- [PROVIDED RECORDS]:
──────

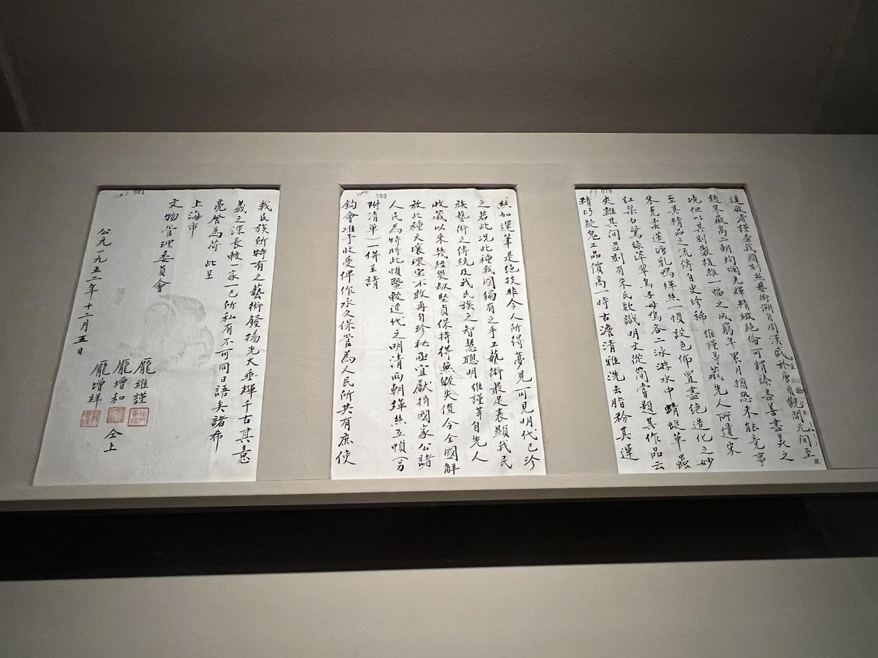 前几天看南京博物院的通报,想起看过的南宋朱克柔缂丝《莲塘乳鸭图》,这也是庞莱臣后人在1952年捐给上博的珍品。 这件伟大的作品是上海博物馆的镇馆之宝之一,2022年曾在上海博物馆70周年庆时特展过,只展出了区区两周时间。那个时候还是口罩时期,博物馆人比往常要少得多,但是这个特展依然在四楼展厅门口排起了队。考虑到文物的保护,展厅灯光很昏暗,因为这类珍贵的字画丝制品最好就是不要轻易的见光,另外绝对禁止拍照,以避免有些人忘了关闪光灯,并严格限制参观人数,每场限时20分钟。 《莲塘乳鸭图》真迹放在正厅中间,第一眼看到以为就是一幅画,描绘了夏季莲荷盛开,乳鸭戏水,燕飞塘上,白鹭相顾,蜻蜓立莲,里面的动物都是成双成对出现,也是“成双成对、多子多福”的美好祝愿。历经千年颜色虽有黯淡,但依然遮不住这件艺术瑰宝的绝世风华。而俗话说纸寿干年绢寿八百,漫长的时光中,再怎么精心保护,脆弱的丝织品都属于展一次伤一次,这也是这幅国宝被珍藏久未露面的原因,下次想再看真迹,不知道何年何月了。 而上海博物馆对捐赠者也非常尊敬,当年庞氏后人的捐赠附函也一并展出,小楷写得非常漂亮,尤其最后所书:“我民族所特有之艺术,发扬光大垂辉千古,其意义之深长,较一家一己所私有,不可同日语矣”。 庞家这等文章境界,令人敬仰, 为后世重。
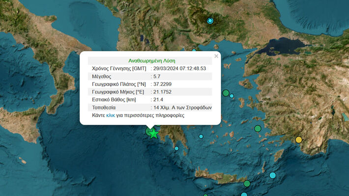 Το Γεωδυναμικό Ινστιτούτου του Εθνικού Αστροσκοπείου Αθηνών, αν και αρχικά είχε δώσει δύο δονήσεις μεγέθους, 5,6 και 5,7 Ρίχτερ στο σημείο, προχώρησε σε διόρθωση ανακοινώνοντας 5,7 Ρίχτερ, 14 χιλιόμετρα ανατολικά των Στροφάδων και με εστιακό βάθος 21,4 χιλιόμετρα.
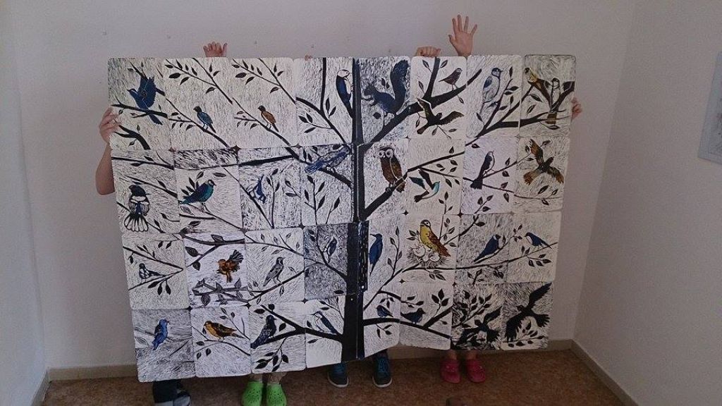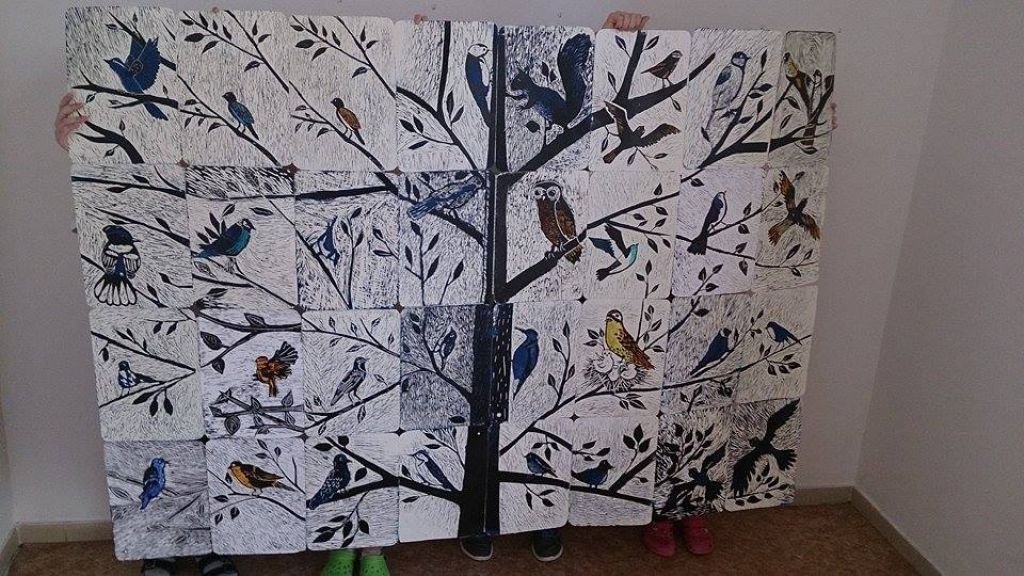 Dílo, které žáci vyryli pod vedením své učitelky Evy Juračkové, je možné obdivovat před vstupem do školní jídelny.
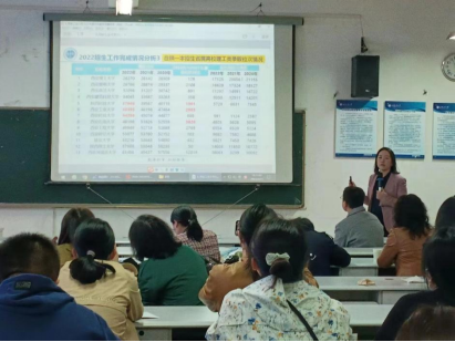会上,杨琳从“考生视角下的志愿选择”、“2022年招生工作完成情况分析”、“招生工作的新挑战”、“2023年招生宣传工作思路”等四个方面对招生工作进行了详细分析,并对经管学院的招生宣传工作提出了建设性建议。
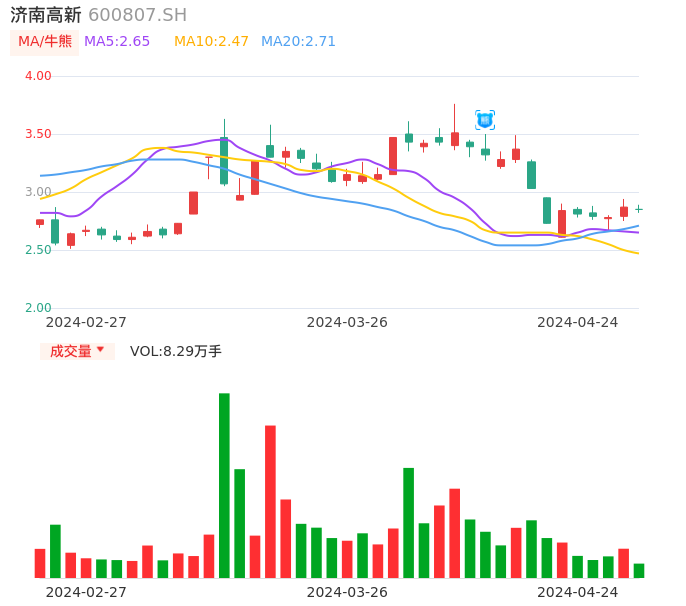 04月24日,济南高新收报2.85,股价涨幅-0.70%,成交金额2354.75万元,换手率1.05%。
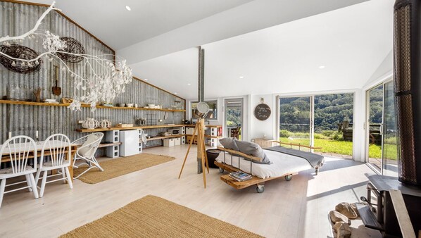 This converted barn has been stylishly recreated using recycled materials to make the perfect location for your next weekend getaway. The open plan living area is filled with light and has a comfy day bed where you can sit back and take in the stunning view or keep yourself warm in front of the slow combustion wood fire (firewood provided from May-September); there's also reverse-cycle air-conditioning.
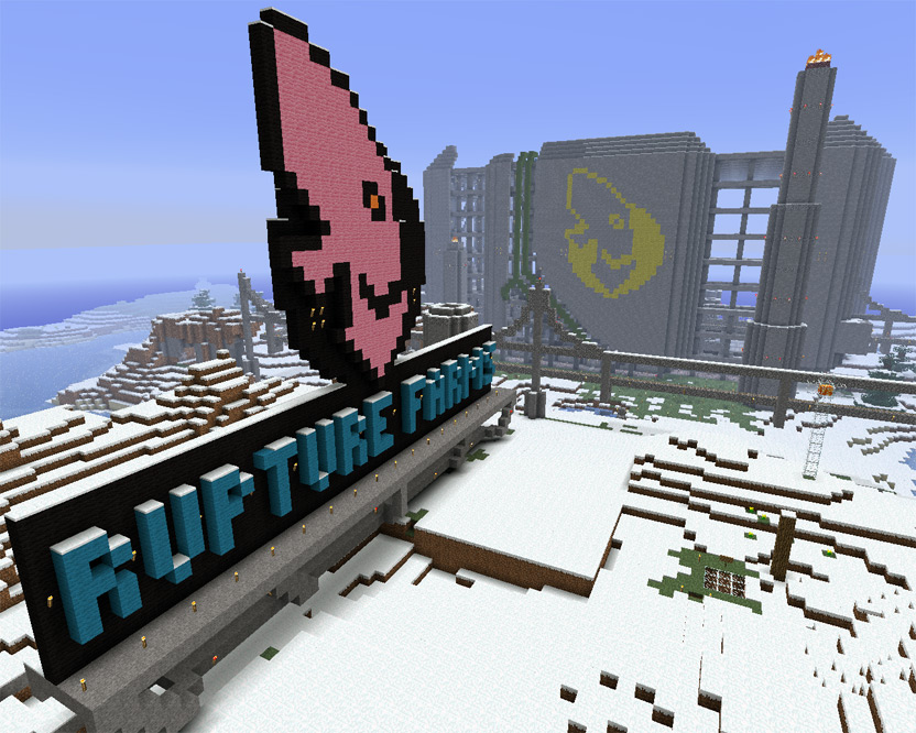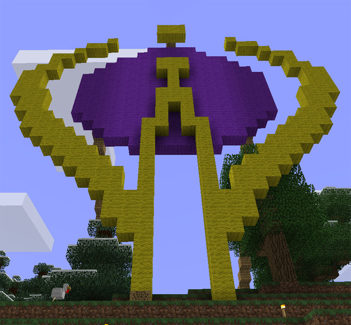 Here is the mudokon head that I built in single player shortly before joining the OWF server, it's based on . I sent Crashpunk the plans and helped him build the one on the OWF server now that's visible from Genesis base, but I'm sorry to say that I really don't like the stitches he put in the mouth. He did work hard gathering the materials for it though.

──────

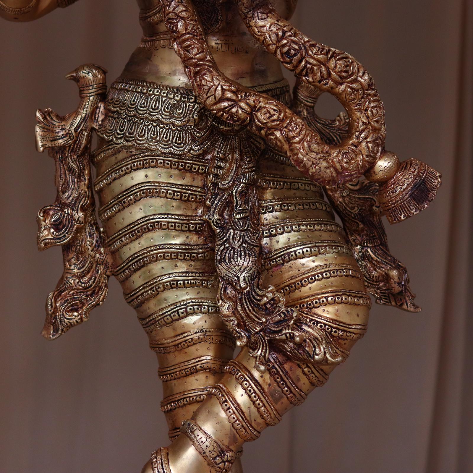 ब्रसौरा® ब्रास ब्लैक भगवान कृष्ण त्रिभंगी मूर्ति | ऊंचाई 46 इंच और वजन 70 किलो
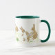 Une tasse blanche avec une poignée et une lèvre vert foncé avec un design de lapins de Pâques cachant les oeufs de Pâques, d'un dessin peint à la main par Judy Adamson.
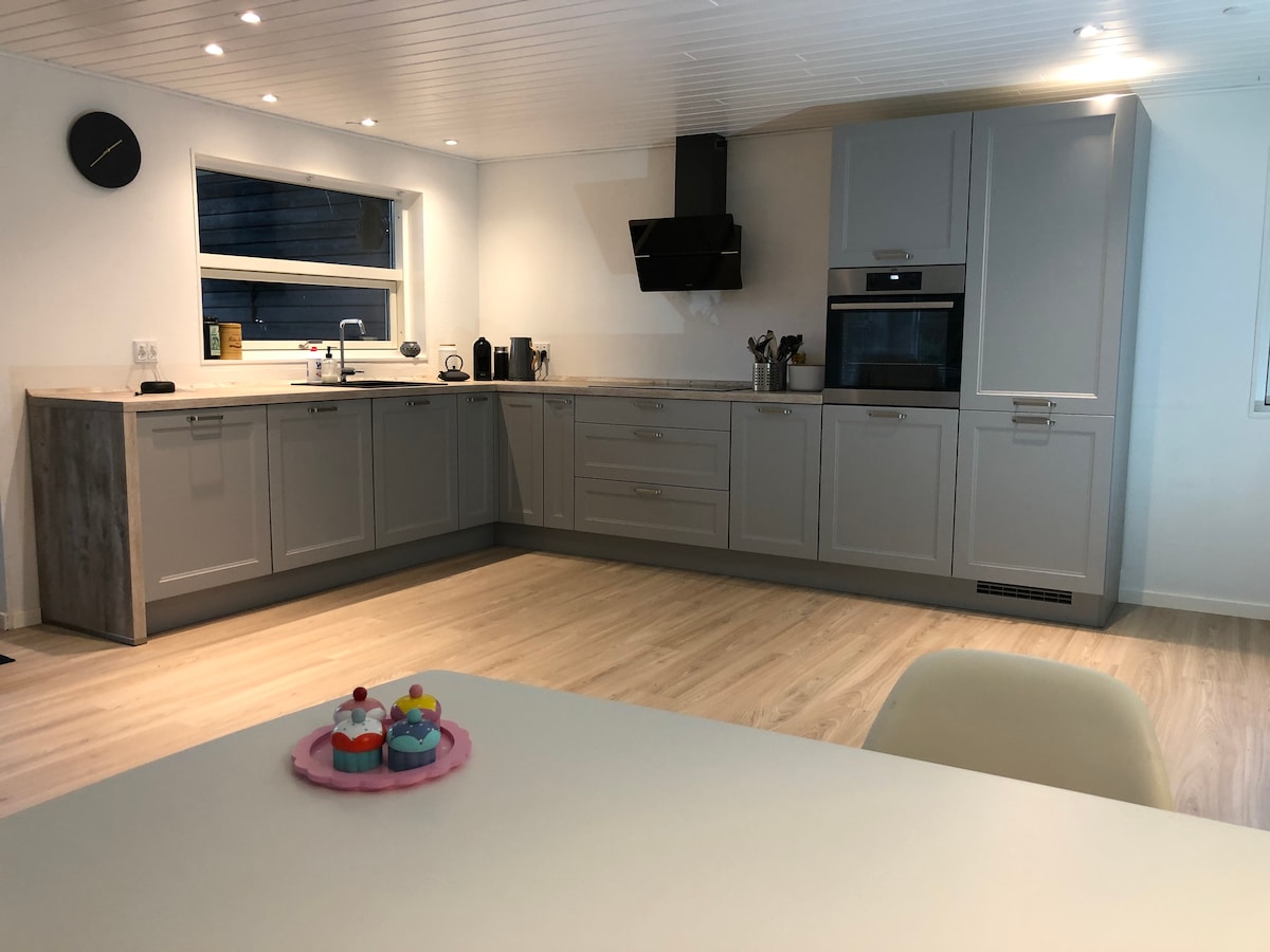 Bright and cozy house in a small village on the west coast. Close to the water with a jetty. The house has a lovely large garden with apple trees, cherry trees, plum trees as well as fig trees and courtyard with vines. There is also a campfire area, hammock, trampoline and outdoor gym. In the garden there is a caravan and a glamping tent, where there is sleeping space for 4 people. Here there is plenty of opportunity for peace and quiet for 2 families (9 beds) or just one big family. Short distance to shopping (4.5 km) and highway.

──────

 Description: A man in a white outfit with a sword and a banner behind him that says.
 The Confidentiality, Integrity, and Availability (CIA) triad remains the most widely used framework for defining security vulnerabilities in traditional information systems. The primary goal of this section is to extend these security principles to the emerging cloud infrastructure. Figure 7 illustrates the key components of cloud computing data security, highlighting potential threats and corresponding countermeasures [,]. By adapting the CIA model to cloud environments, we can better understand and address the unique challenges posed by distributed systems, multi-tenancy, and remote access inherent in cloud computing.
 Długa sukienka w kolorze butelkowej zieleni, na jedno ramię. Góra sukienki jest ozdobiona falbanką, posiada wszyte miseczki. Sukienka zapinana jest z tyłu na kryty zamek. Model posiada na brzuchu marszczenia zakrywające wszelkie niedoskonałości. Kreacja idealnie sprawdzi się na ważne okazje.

──────

- [TASK PROMPT]:
Starting from the line with "04月24日,济南高新收报2" in the records above, repeat each line exactly until you have written the line with "Here is the", then stop; drop the pictures.

- [EXERCISE RESULT]:
 04月24日,济南高新收报2.85,股价涨幅-0.70%,成交金额2354.75万元,换手率1.05%。
 This converted barn has been stylishly recreated using recycled materials to make the perfect location for your next weekend getaway. The open plan living area is filled with light and has a comfy day bed where you can sit back and take in the stunning view or keep yourself warm in front of the slow combustion wood fire (firewood provided from May-September); there's also reverse-cycle air-conditioning.
 Here is the mudokon head that I built in single player shortly before joining the OWF server, it's based on . I sent Crashpunk the plans and helped him build the one on the OWF server now that's visible from Genesis base, but I'm sorry to say that I really don't like the stitches he put in the mouth. He did work hard gathering the materials for it though.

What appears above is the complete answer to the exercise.